To give offense - or not?

While Westerners are falling all over themselves to censor cartoons and anything else that any Muslim anywhere on the globe might deem offensive, two TV broadcasts to the Muslim world are fearlessly exposing controversial Islamic texts.

Raymond Ibrahim explains that Life TV, an evangelical Arabic satellite station, has two weekly programs, one hosted by Coptic priest Fr. Zakaria Botros, the other by ex-Muslim Rashid. Both programs ask uncomfortable questions about Islam and Mohammed; a number of Muslim countries, including Saudi Arabia, ban the station and it is frequently condemned on al Jazeera.

The broadcasts, which are viewed by millions of Arabic-speaking Muslims, caused an uproar at the start; Al Qaeda put a $60 million bounty on Zarakia's head. Life TV responded by providing even more anecdotes discrediting Mohammed. So how is all this being received? "Needless to say, Life TV's hosts ... are hated by Muslims around the world.

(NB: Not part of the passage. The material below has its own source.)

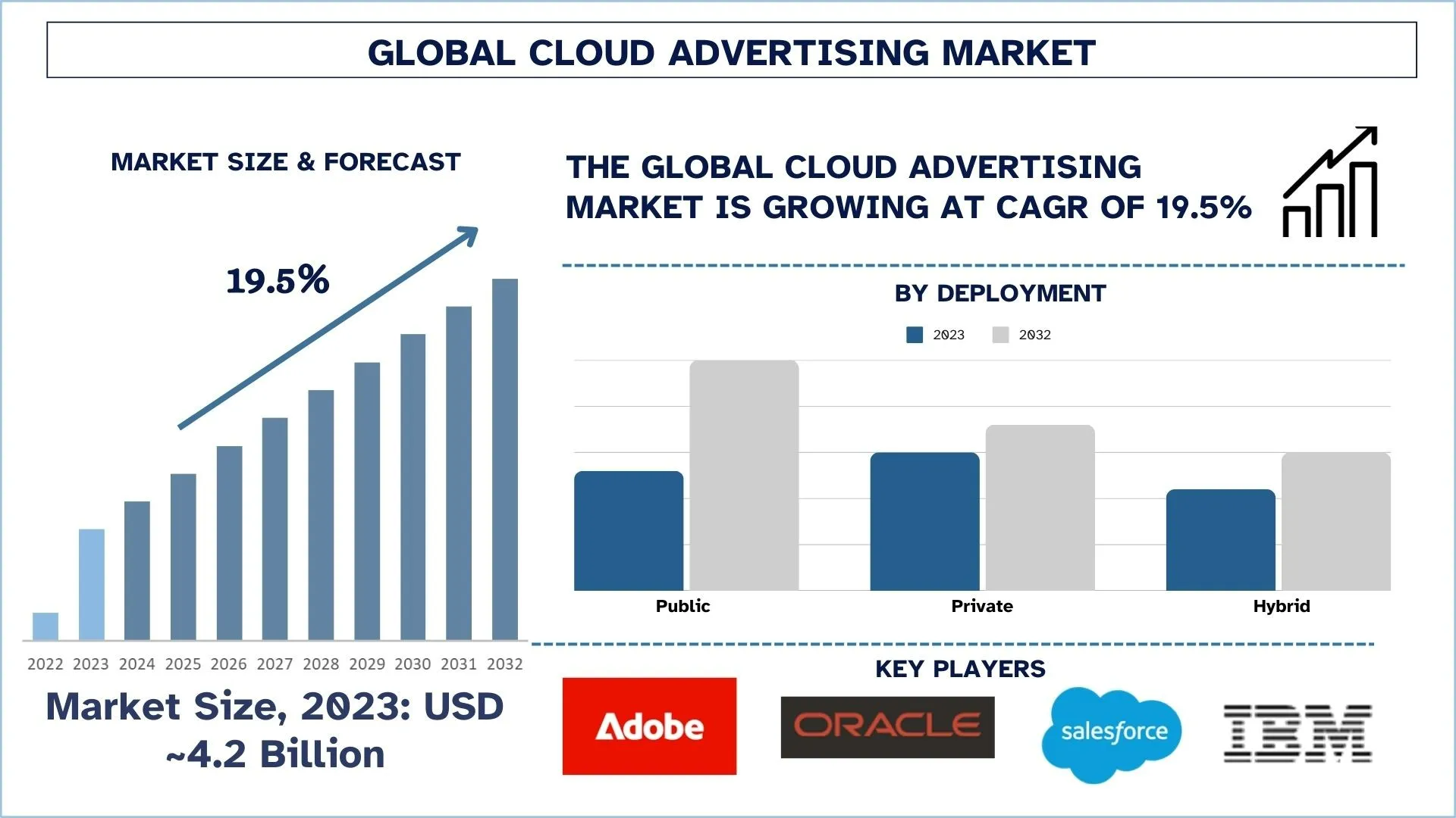 According to the UnivDatos, rising adoption of AI & machine learning, growing digital advertising spend, rising demand for customer-centric advertising, increasing mobile & social media usage, expansion of e-commerce & retail media networks drive the cloud advertising market. As per their “Cloud Advertising Market” report, the global Market was valued at USD 4.2 Billion in 2023, growing at a CAGR of about 19.5% during the forecast period from 2024 - 2032 to reach USD Billion by 2032.
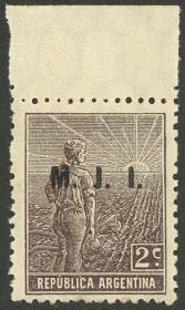 804 ARGENTINA - SERVICIO OFICIAL Cuadro / Nuevo Mint N°Cat.: GJ.108 MB. GJ.108, Ministerio de Agricultura, letras perfiladas, Próceres y Riquezas Nacionales 2c. cuadro con sobrecarga retintada al dorso, MB calidad Precio inicial: US$ 6 Precio actual: US$ 6 Oferte US$ 6 o más

But to the careful observer, the outrage appears to be subsiding, ostensibly replaced by apathy - that is, the default strategy when threats and displays of indignation fail."

Ibrahim concludes that "one need not agree with Life TV's tactics or evangelical mission to appreciate the lesson it imparts: Muslim outrage - as with all human outrage - is predicated on how well it is tolerated. Continuously appeased, it becomes engorged and insistent on more concessions; ignored, it deflates and, ashamed of itself, withers away."

Too bad no one pays any attention to these guys.